Nothing but the lines below from the one holding "Thursday, October 9th" up to and including the one holding "Ekologicky certifikované tablety" should be copied, exactly and without pictures.

── Record excerpts

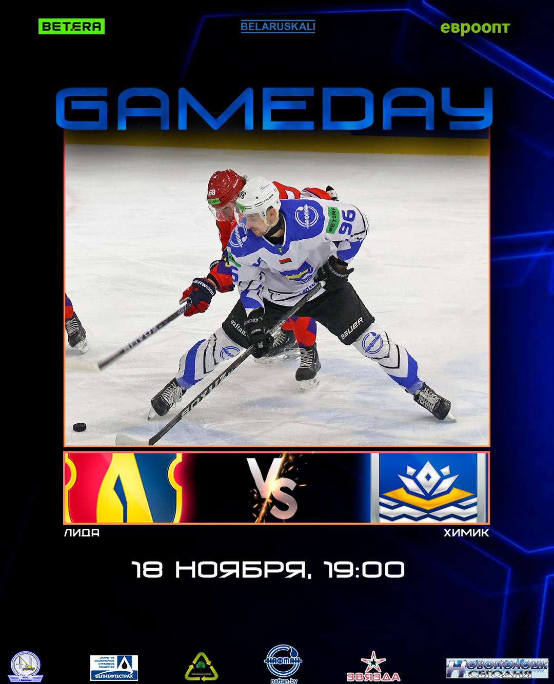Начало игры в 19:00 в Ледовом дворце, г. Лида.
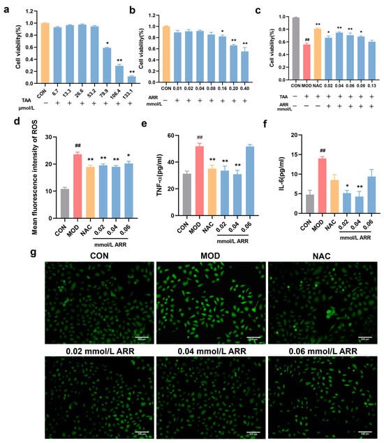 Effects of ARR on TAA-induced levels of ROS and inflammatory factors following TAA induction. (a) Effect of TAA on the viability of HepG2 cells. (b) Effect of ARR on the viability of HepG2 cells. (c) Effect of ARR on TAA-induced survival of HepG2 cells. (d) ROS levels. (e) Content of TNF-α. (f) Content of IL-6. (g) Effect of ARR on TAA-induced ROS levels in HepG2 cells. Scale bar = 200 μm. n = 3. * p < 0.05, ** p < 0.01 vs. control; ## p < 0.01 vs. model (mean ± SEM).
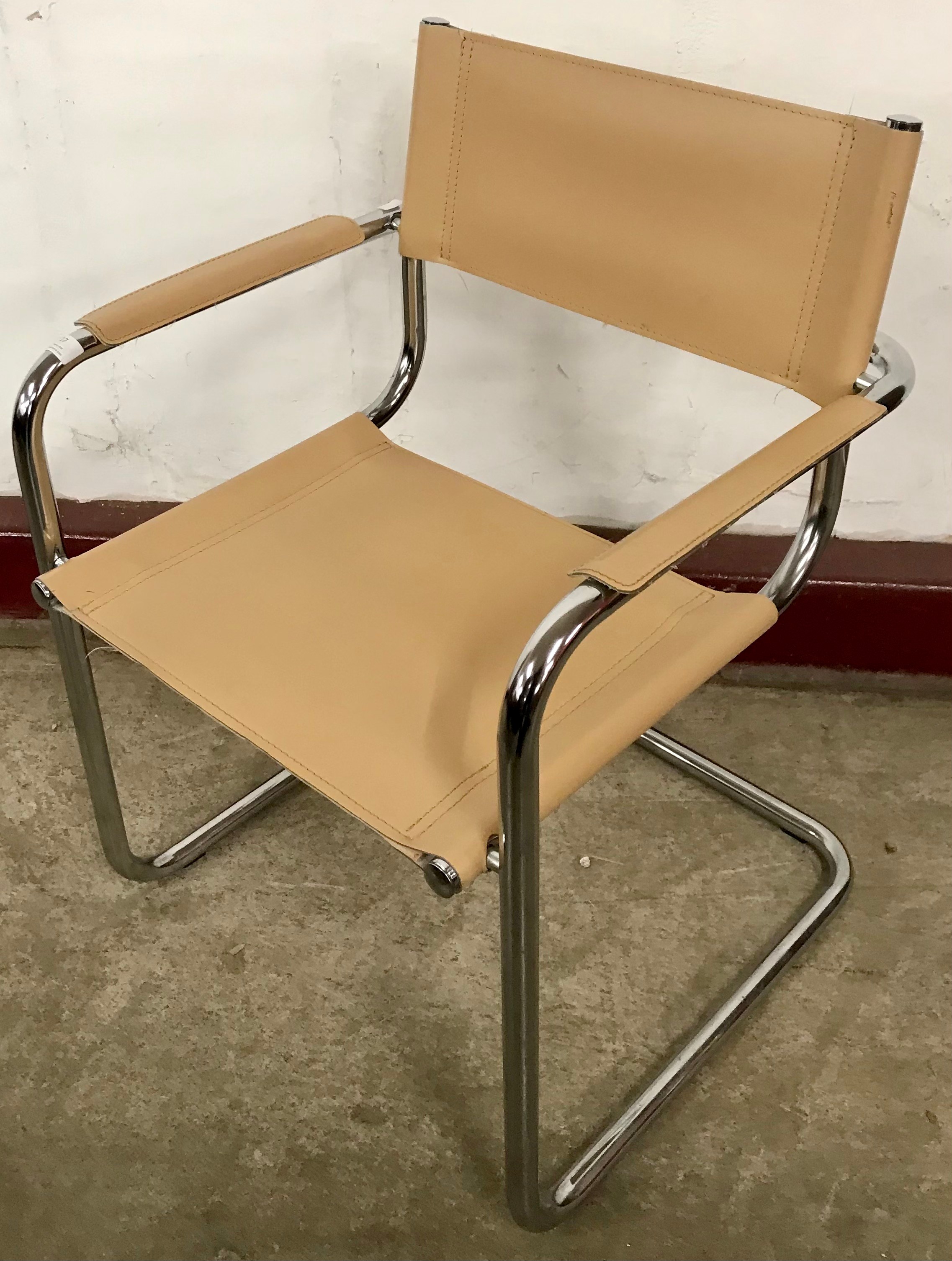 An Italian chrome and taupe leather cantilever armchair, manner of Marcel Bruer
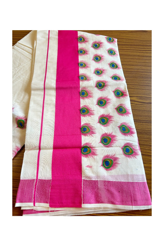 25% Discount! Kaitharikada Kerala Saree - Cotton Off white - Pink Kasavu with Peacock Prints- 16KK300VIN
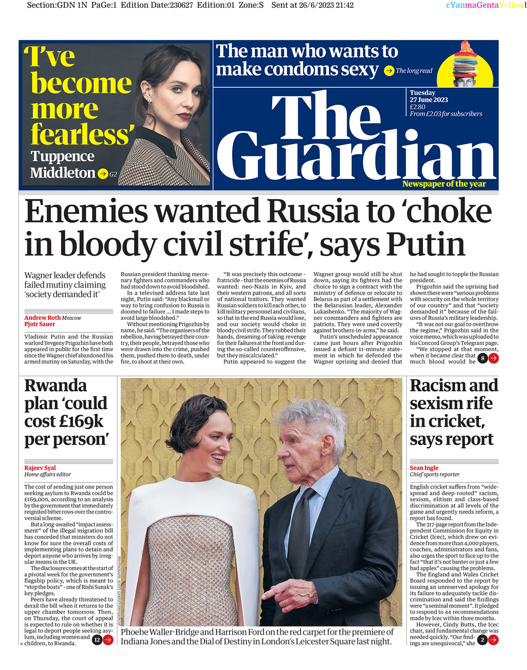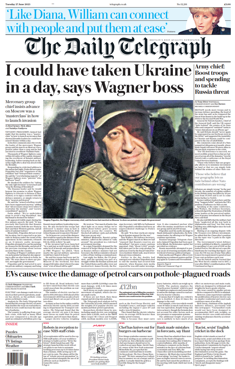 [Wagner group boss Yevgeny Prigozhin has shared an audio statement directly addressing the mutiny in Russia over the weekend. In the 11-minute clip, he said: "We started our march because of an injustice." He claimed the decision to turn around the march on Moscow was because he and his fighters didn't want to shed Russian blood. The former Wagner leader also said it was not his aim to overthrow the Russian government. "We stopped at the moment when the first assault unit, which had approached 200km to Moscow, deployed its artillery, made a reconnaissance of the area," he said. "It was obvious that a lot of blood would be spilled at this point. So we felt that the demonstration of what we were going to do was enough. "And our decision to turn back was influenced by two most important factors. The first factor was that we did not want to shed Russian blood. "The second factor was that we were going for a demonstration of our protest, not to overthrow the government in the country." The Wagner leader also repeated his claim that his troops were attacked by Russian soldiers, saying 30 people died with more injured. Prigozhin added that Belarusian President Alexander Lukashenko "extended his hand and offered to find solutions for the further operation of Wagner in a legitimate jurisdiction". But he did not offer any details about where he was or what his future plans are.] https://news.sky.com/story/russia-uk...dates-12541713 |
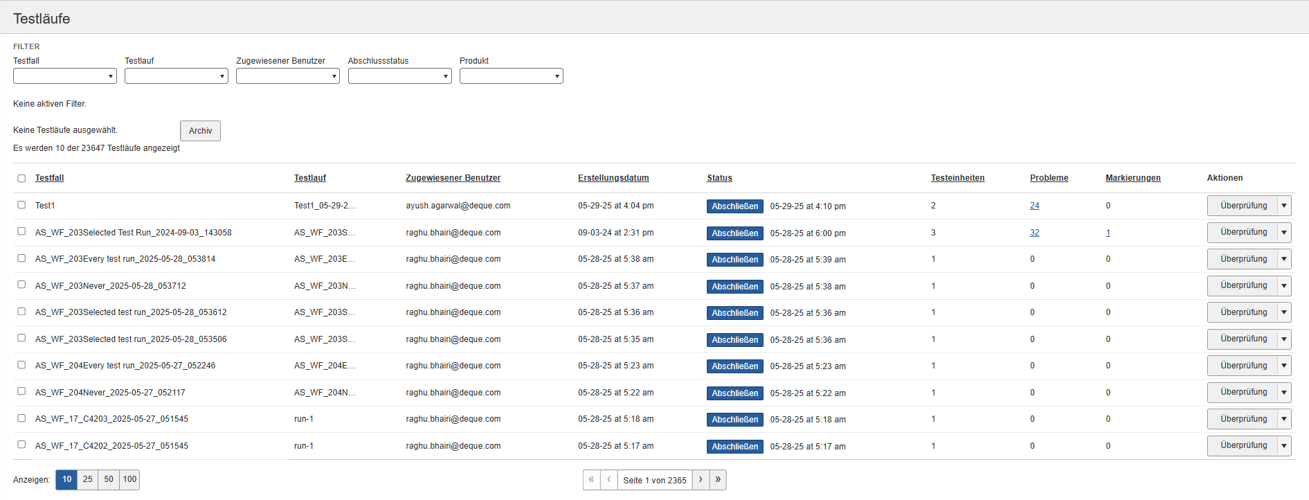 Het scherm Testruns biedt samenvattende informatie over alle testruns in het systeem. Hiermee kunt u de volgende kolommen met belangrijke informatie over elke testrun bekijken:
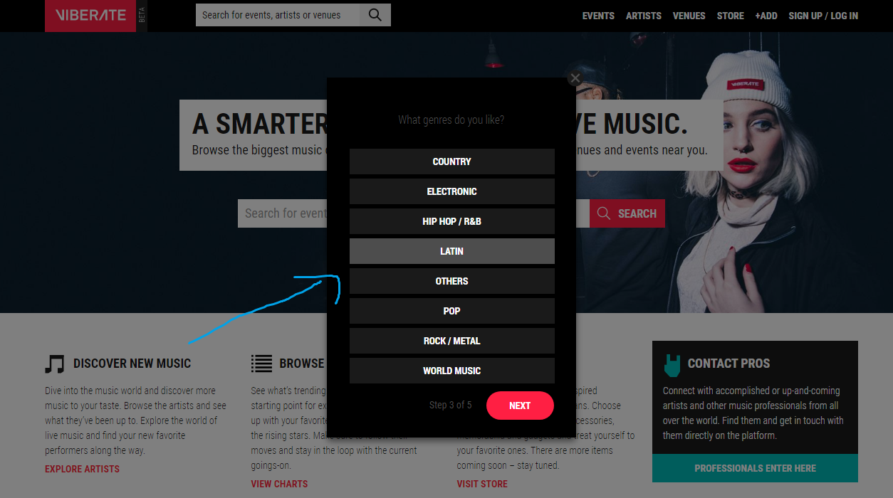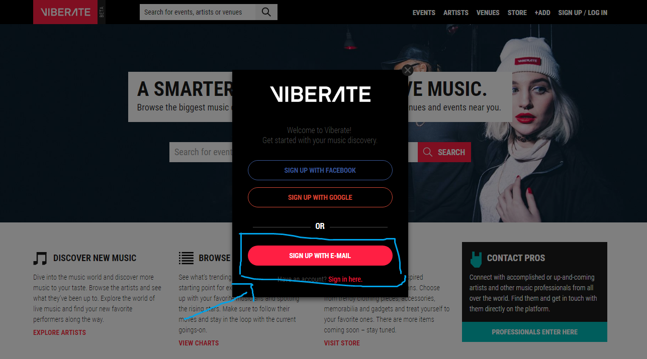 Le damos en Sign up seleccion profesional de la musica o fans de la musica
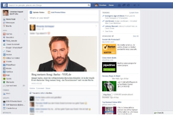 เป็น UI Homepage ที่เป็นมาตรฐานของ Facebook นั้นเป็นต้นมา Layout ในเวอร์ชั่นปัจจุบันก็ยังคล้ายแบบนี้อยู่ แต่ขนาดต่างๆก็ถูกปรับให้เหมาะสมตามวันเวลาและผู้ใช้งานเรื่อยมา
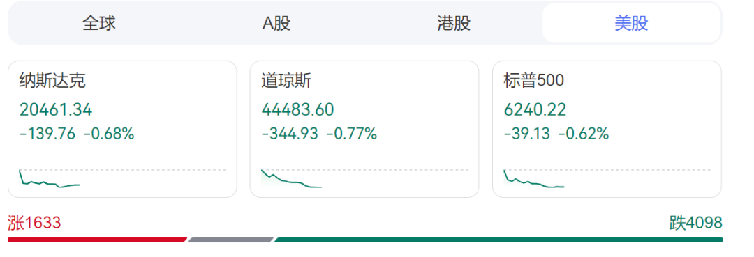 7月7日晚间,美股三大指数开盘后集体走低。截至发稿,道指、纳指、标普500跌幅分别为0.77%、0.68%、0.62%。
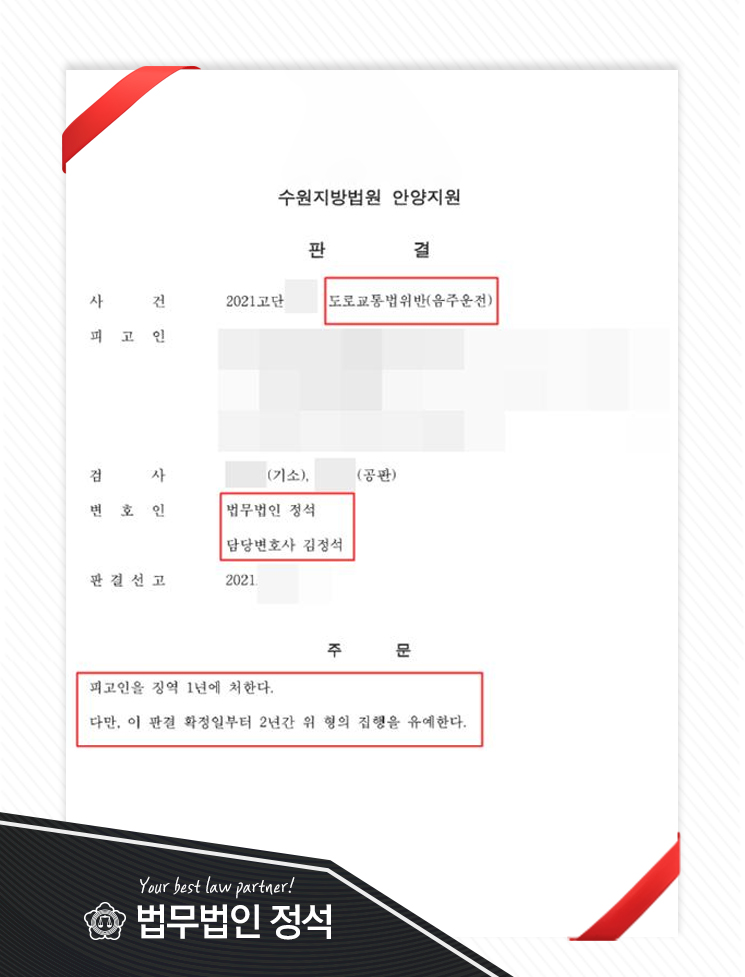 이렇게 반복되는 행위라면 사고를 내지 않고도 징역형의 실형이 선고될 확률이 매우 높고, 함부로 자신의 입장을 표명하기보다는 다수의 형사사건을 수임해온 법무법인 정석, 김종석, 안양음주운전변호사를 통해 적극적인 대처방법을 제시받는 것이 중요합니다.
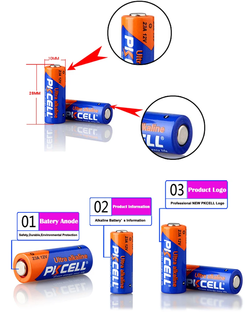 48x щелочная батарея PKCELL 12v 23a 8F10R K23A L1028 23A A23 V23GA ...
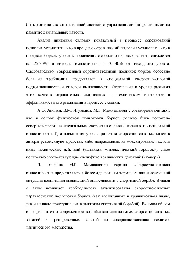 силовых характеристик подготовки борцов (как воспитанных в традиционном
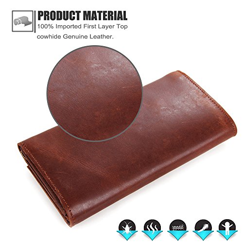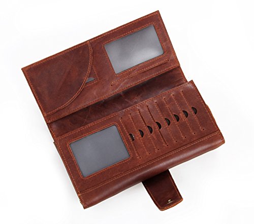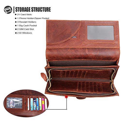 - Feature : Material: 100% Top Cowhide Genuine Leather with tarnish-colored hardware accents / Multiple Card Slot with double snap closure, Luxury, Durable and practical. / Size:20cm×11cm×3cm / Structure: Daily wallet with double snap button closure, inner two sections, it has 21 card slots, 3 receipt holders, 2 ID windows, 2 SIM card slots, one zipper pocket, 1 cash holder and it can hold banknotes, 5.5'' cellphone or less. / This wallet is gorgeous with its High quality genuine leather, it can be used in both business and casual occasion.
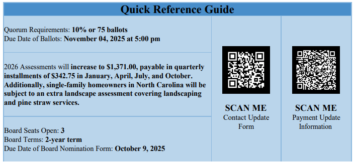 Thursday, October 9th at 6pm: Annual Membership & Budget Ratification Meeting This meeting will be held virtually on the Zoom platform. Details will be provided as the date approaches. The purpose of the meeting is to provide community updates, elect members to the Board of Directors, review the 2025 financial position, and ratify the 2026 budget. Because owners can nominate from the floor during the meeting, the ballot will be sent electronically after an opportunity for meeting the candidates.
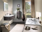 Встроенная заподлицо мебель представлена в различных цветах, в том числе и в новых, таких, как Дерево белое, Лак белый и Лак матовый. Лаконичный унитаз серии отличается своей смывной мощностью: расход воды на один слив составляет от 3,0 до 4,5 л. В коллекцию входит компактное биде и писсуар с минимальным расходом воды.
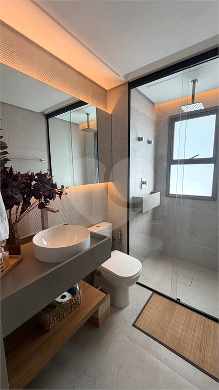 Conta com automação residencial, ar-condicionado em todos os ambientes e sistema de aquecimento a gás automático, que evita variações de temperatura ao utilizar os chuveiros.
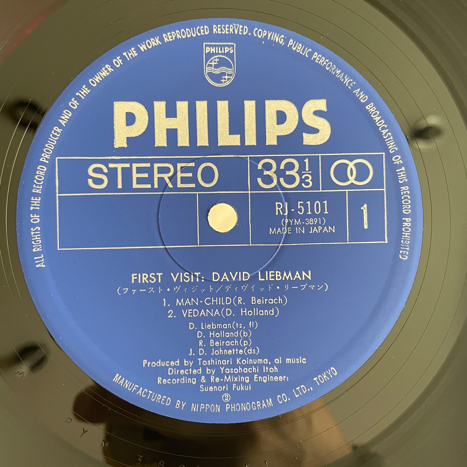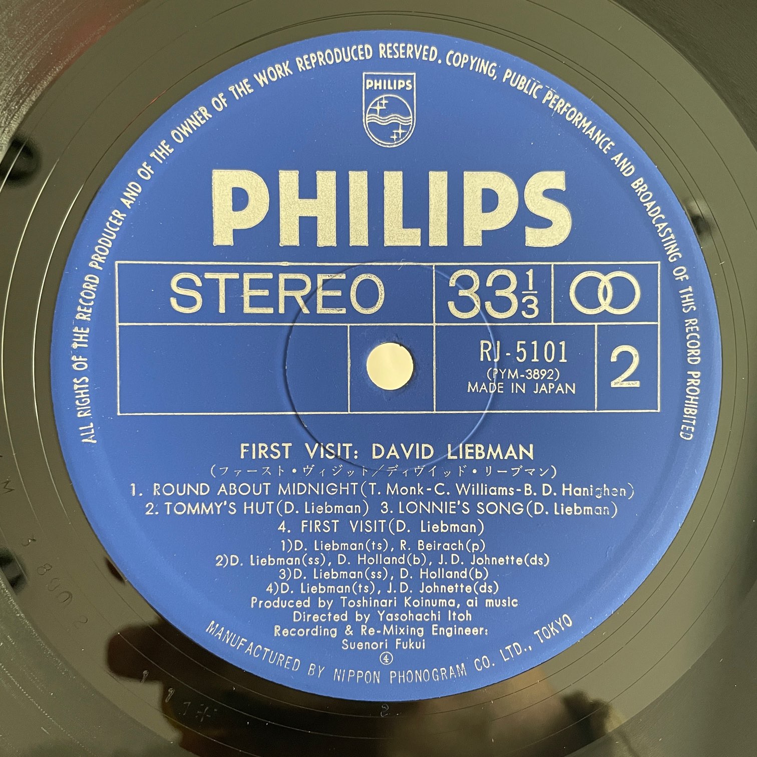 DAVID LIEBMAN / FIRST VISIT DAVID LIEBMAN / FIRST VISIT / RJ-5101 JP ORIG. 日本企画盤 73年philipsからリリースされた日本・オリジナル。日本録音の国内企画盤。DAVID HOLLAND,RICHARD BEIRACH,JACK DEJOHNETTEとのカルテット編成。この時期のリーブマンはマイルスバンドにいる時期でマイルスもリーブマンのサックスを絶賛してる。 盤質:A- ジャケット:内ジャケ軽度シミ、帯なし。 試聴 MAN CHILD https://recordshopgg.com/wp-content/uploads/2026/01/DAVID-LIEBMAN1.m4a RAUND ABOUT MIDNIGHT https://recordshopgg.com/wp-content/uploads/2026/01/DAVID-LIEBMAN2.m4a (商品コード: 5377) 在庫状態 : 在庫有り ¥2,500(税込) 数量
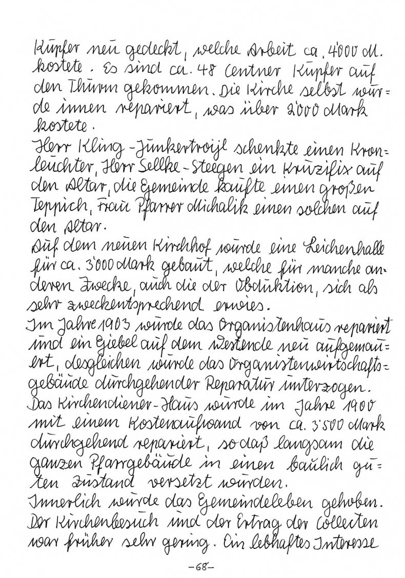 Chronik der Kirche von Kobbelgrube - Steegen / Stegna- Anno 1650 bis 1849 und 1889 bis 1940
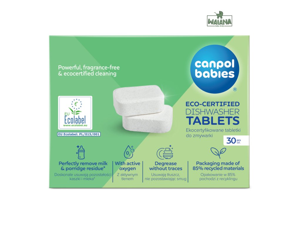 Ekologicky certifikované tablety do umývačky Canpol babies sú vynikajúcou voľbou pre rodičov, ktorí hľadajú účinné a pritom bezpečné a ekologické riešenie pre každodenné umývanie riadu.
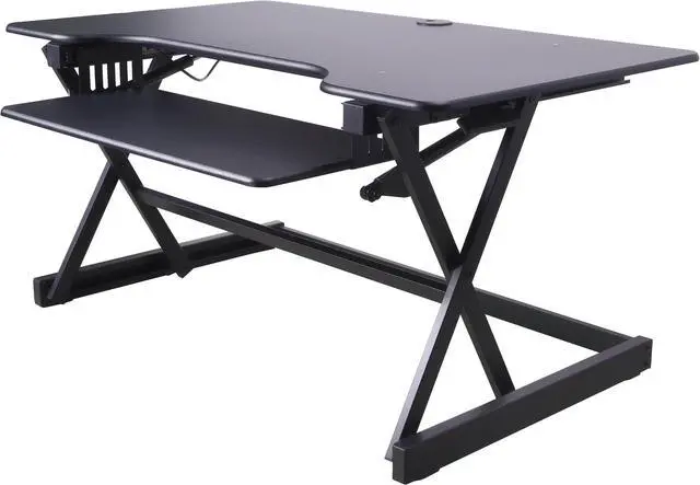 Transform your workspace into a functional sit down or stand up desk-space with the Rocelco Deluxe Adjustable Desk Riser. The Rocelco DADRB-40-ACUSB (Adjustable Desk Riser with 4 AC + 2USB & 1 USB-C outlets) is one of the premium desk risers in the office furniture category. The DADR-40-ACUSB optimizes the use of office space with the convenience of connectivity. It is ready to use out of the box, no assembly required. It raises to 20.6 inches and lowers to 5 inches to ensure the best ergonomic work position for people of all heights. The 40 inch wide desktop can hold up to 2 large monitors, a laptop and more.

────

Expected answer
 Thursday, October 9th at 6pm: Annual Membership & Budget Ratification Meeting This meeting will be held virtually on the Zoom platform. Details will be provided as the date approaches. The purpose of the meeting is to provide community updates, elect members to the Board of Directors, review the 2025 financial position, and ratify the 2026 budget. Because owners can nominate from the floor during the meeting, the ballot will be sent electronically after an opportunity for meeting the candidates.
 Встроенная заподлицо мебель представлена в различных цветах, в том числе и в новых, таких, как Дерево белое, Лак белый и Лак матовый. Лаконичный унитаз серии отличается своей смывной мощностью: расход воды на один слив составляет от 3,0 до 4,5 л. В коллекцию входит компактное биде и писсуар с минимальным расходом воды.
 Conta com automação residencial, ar-condicionado em todos os ambientes e sistema de aquecimento a gás automático, que evita variações de temperatura ao utilizar os chuveiros.
 DAVID LIEBMAN / FIRST VISIT DAVID LIEBMAN / FIRST VISIT / RJ-5101 JP ORIG. 日本企画盤 73年philipsからリリースされた日本・オリジナル。日本録音の国内企画盤。DAVID HOLLAND,RICHARD BEIRACH,JACK DEJOHNETTEとのカルテット編成。この時期のリーブマンはマイルスバンドにいる時期でマイルスもリーブマンのサックスを絶賛してる。 盤質:A- ジャケット:内ジャケ軽度シミ、帯なし。 試聴 MAN CHILD https://recordshopgg.com/wp-content/uploads/2026/01/DAVID-LIEBMAN1.m4a RAUND ABOUT MIDNIGHT https://recordshopgg.com/wp-content/uploads/2026/01/DAVID-LIEBMAN2.m4a (商品コード: 5377) 在庫状態 : 在庫有り ¥2,500(税込) 数量
 Chronik der Kirche von Kobbelgrube - Steegen / Stegna- Anno 1650 bis 1849 und 1889 bis 1940
 Ekologicky certifikované tablety do umývačky Canpol babies sú vynikajúcou voľbou pre rodičov, ktorí hľadajú účinné a pritom bezpečné a ekologické riešenie pre každodenné umývanie riadu.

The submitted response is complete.